Members of these groups pool money together (called sharing) so that whenever a bill needs to be paid, there’s money in the communal kitty to cover your portion of the cost. By joining one of these plans, you’re essentially starting a health insurance program with your neighbors. When someone falls ill, the rest of the group will help take care of that person’s medical costs.

A group health expenses sharing plan consists of a group of people who pool their money into one fund to pay each other’s healthcare costs. It works a bit like their own insurance company. Members’ pooled funds are invested and, for the most part, reserved to pay for major medical costs. These plans are not often used for more basic health costs like standard checkups or minor procedures.

Group health expense sharing plans aren’t insurance plans, so they’re not regulated in the same way as insurance. Be sure to look into the details and rules of any of these plans before you join one.

In the United States, group health expense sharing plans are basically an alternative to health insurance. This type of plan works a lot like insurance; members pay into a fund that’s used to cover healthcare costs incurred by other members.


10. Health Care Sharing Ministries (HCSMs) 

A Health Care Sharing ministry (HCSM) can play a vital role in meeting your individual health care costs. HCSMs are not considered insurance, and are not subject to the same federal regulations as insurance, such as HIPAA and PPACA. Therefore, premium and coverage rates may vary significantly from plan to plan.

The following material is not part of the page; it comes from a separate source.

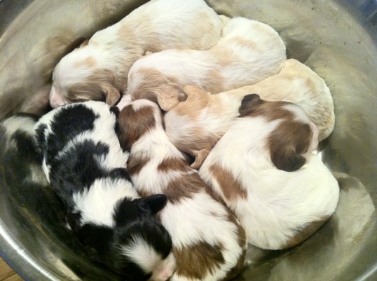 Pansy’s pups are beautiful, all 6 doing well, nursing, and growing. Their faces are SOO sweet right now!

There are a number of healthcare sharing ministries available, but one of the most popular is Christian Healthcare Ministries (CHM). It’s actually the largest of this type in America, and has been serving people since 1981.

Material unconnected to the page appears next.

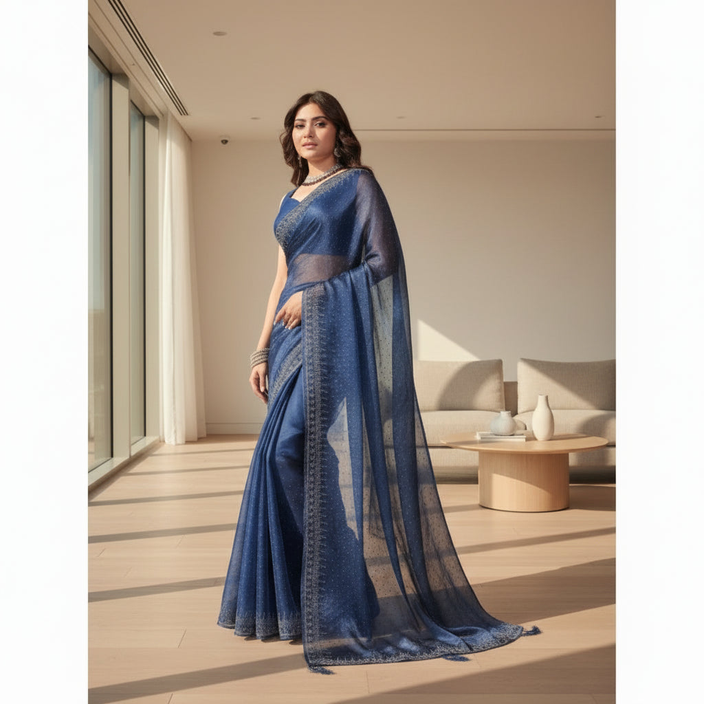 CQ Women's Jimmy choo Embellished Bollywood Saree With Unstitched Blouse 5.5Mtr (Blue)

Some faith-based health insurance plans offer an alternative to standard insurance. These plans are very similar in nature, but they exclude coverage for things like birth control, sterilization, and some reproductive care.

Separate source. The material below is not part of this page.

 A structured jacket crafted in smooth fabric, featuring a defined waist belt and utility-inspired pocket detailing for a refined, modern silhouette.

11. Health Insurance Discount Cards

With health insurance discount cards, you receive discounts on medical expenses in exchange for a monthly or yearly membership fee. A health insurance discount plan is not actual insurance, so it does not cover the cost of a healthcare service. Instead, you receive a reduced rate for the care that you need.

For example, a medical discount plan might receive discounts from cardholders and offer you a lower price at a participating pharmacy. Have a copayment or deductible that must be paid to get the insurance benefits, but this may be lower than the actual cost of the drug without your card.

When you use your discount card at a participating physician, hospital, lab or other medical source, a reduced rate will automatically be applied to all eligible services.


The Bottom Line

Healthcare can be expensive, but healthcare insurance can help you to manage those costs. In some countries the government decides which plan will have the greatest coverage for the most affordable price. 

In others, you have the freedom of choice. To find the plan that’s right for you, take your time and consider all available options from multiple providers.